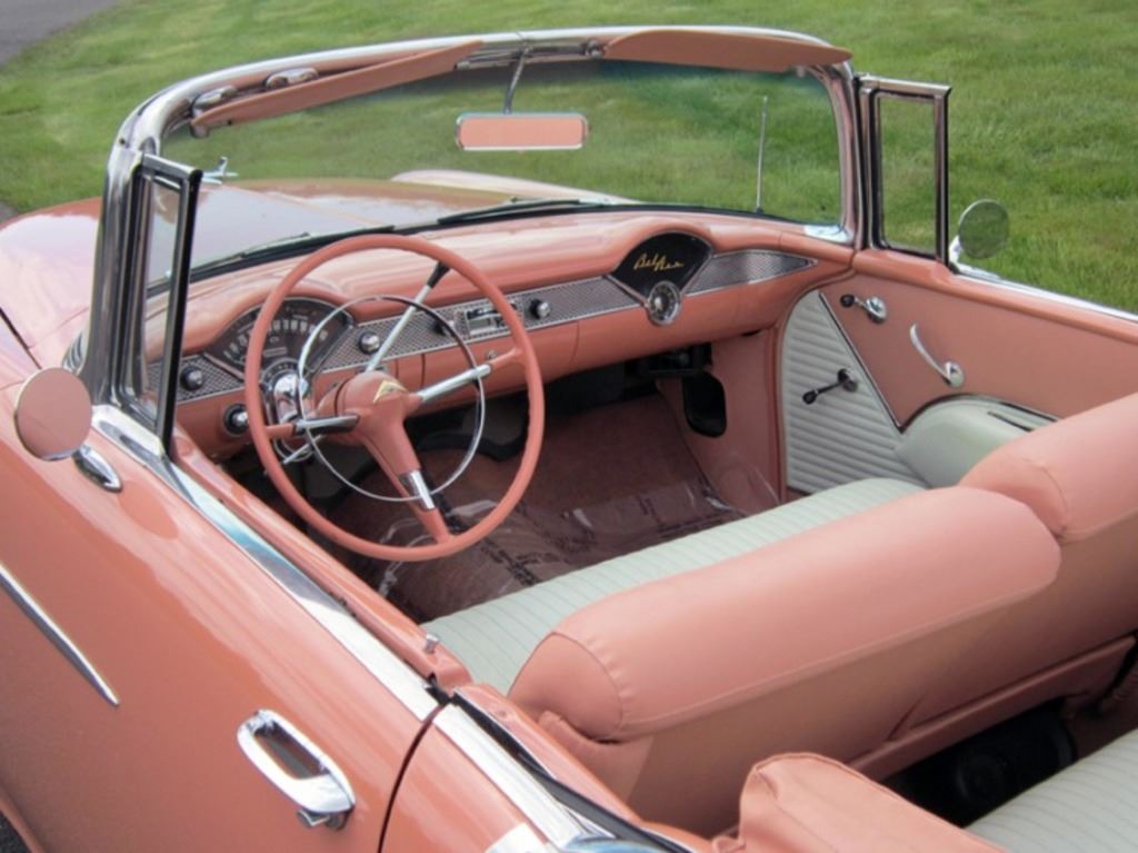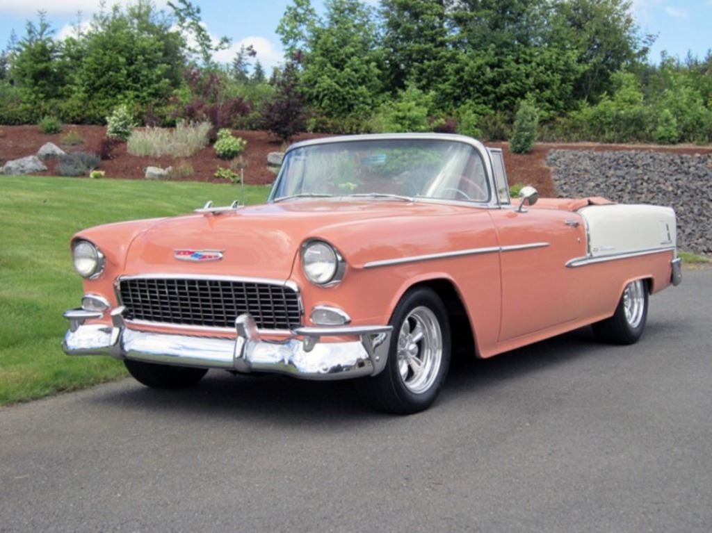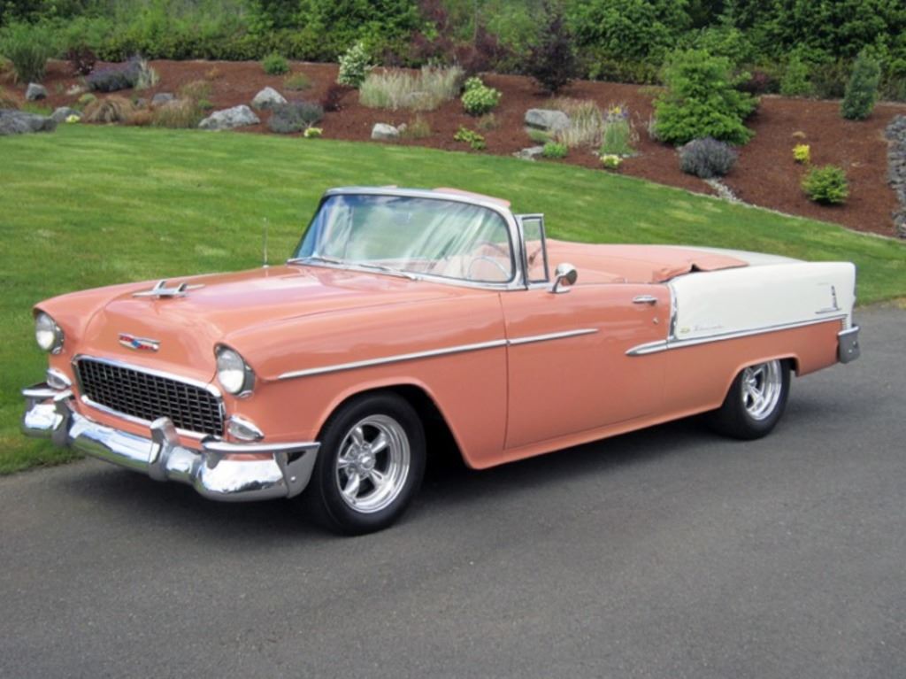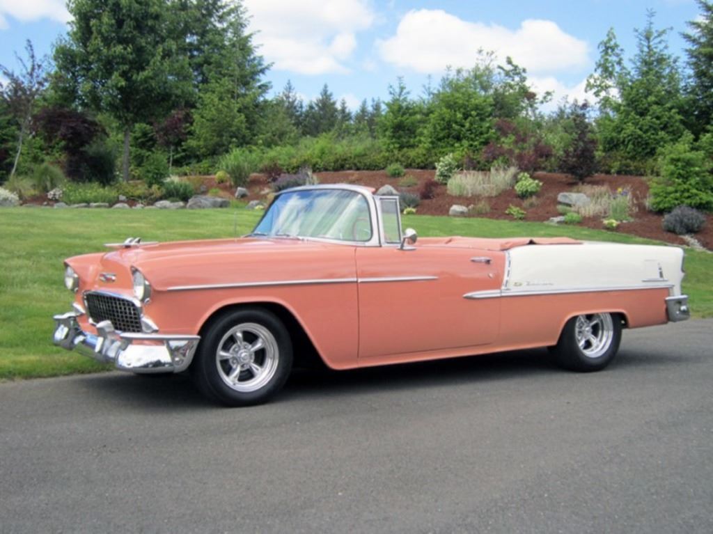 1955 Chevrolet Belair Convertible.. •......Rebuilt 265 V8 engine. •......2-speed automatic. •......Power brakes. •......Power steering. •......Rare power seat. •......Power convertible top. •......Upgraded AM-FM radio. •......New stock upholstery. •......Outstanding chrome, glass and trim. •......Polished torque thrust alloys. •......Refinished in the original coral and beige. •......Beautifully restored throughout
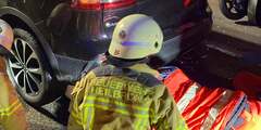 Am Samstag, 31. Januar geriet gegen 18 Uhr ein Rollerfahrer nach einem Sturz in der Sontheimer Straße unter ein Fahrzeug. Hierbei wurde er unter dem Heckbereich des Wagens eingeklemmt. Zur Befreiung des Mannes mussten die Einsatzkräfte das Auto sichern und anheben. Hierfür kamen hydraulische Rettungsgeräte sowie Unterbaumaterial zum Einsatz. Nach einer Erstversorgung vor Ort wurde der Verletzte in ein Krankenhaus eingeliefert.
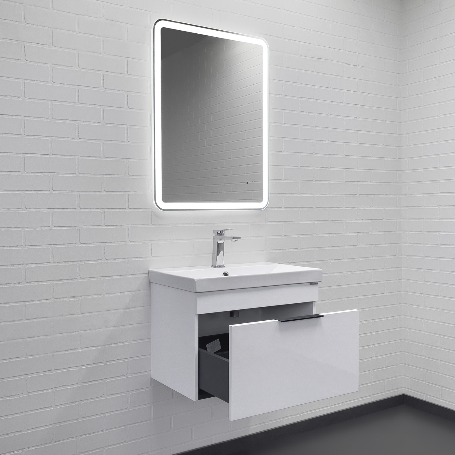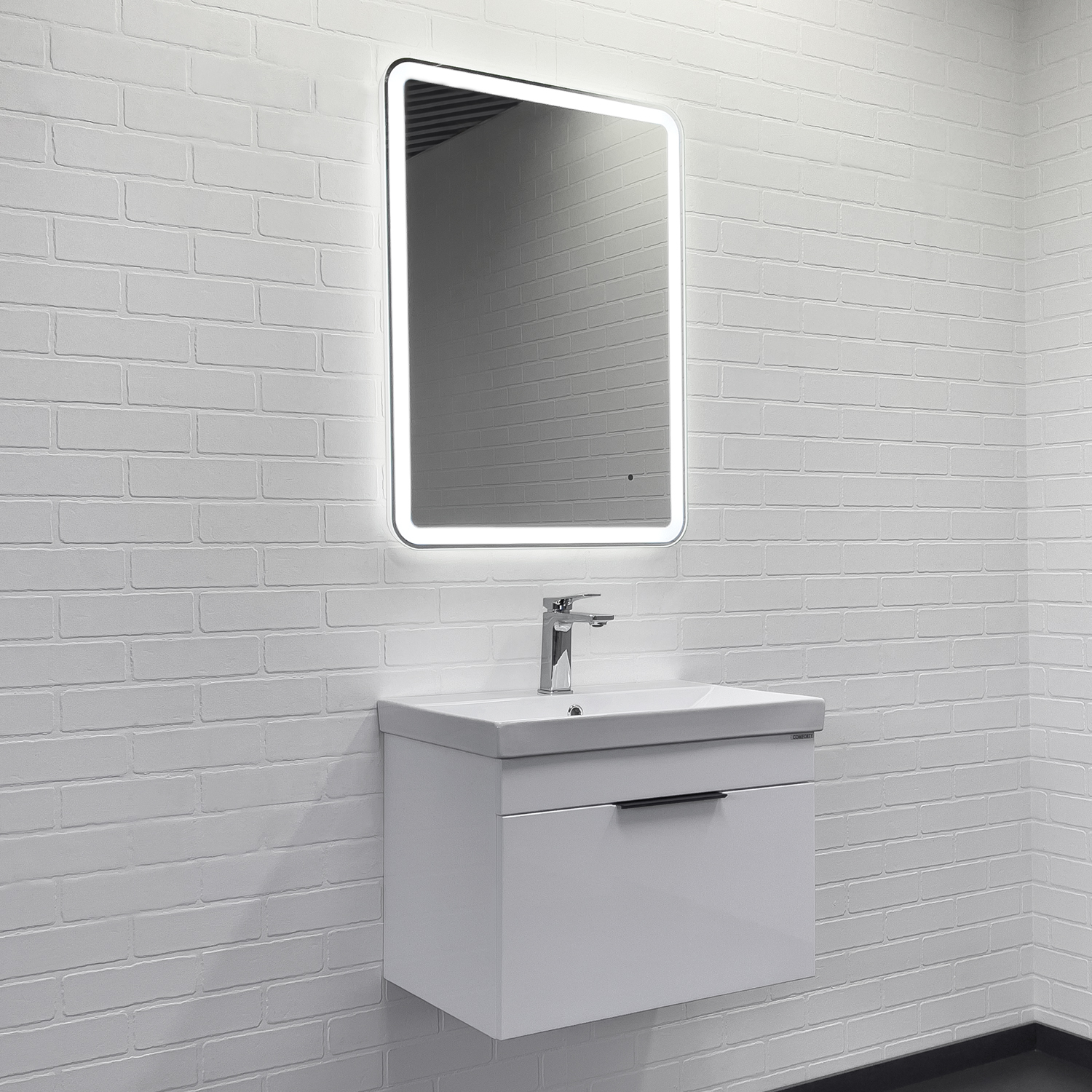 Для подвесной тумбы Kама-60П показано зеркало Лотос-60 с функцией диммирования, возможностью вертикального и горизонтального монтажа и подключением через евровилку.
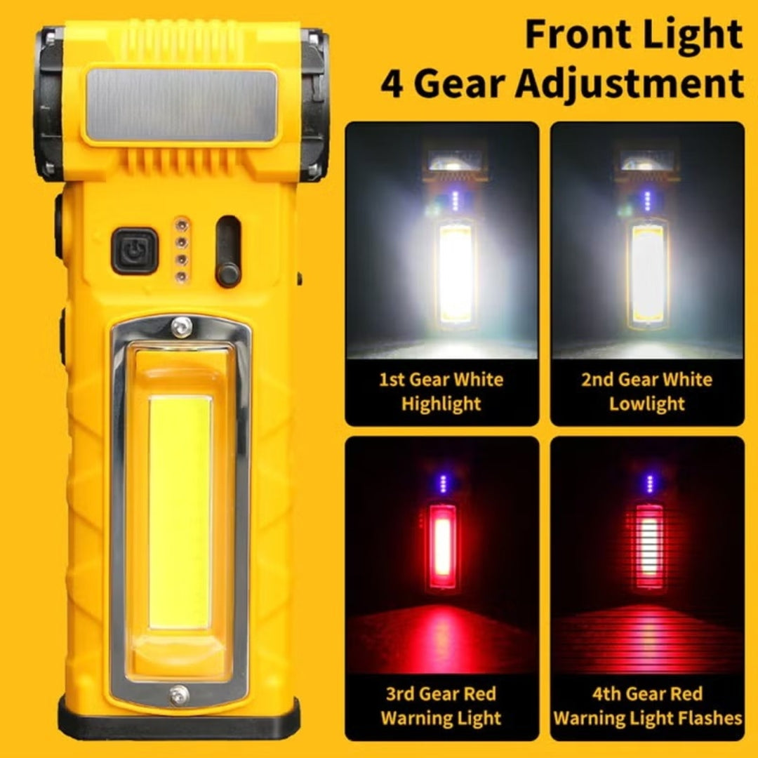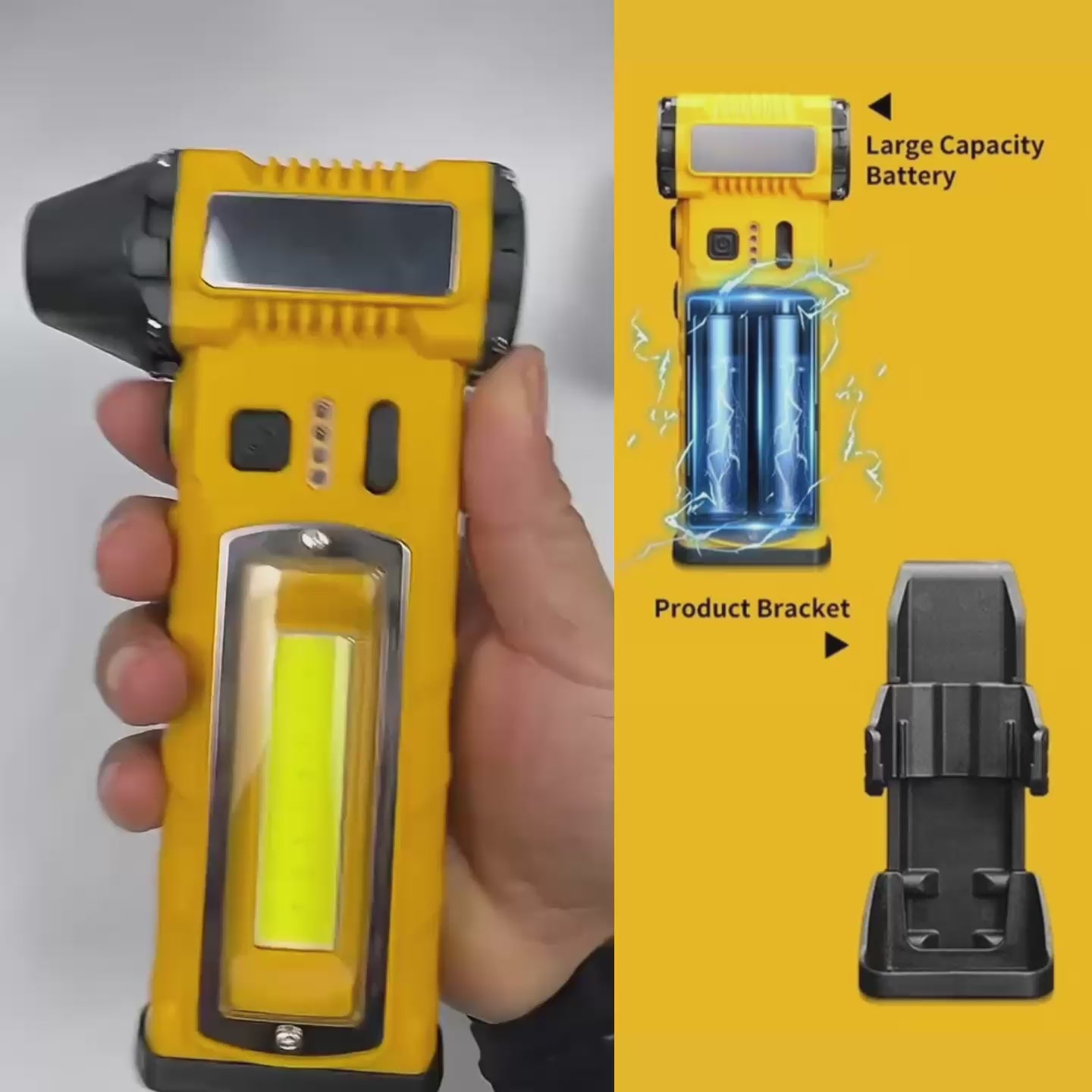 Equipped with a 5000mAh rechargeable battery and USB-C fast charging, it runs longer and charges quicker. The dual LED lighting system (front & side lights) ensures visibility in low-light conditions, while the emergency seat belt cutter and magnetic base make it an essential tool for both everyday use and unexpected situations.
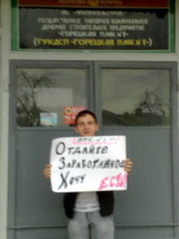 Яшчэ непадалёк ад мяне стаіць службовая машына з двума супрацоўнікамі міліцыі. Пакуль нічога ня робяць. У руках я трымаю плякат: „ПМК-1, аддайце заробленае. Хачу есьці“. Буду стаяць, пакуль не забяруць адсюль».
::::
DIRECTIONS
Reproduce the data above word for word, but leave the images out.

EXERCISE OUTPUT
 1955 Chevrolet Belair Convertible.. •......Rebuilt 265 V8 engine. •......2-speed automatic. •......Power brakes. •......Power steering. •......Rare power seat. •......Power convertible top. •......Upgraded AM-FM radio. •......New stock upholstery. •......Outstanding chrome, glass and trim. •......Polished torque thrust alloys. •......Refinished in the original coral and beige. •......Beautifully restored throughout
 Am Samstag, 31. Januar geriet gegen 18 Uhr ein Rollerfahrer nach einem Sturz in der Sontheimer Straße unter ein Fahrzeug. Hierbei wurde er unter dem Heckbereich des Wagens eingeklemmt. Zur Befreiung des Mannes mussten die Einsatzkräfte das Auto sichern und anheben. Hierfür kamen hydraulische Rettungsgeräte sowie Unterbaumaterial zum Einsatz. Nach einer Erstversorgung vor Ort wurde der Verletzte in ein Krankenhaus eingeliefert.
 Для подвесной тумбы Kама-60П показано зеркало Лотос-60 с функцией диммирования, возможностью вертикального и горизонтального монтажа и подключением через евровилку.
 Equipped with a 5000mAh rechargeable battery and USB-C fast charging, it runs longer and charges quicker. The dual LED lighting system (front & side lights) ensures visibility in low-light conditions, while the emergency seat belt cutter and magnetic base make it an essential tool for both everyday use and unexpected situations.
 Яшчэ непадалёк ад мяне стаіць службовая машына з двума супрацоўнікамі міліцыі. Пакуль нічога ня робяць. У руках я трымаю плякат: „ПМК-1, аддайце заробленае. Хачу есьці“. Буду стаяць, пакуль не забяруць адсюль».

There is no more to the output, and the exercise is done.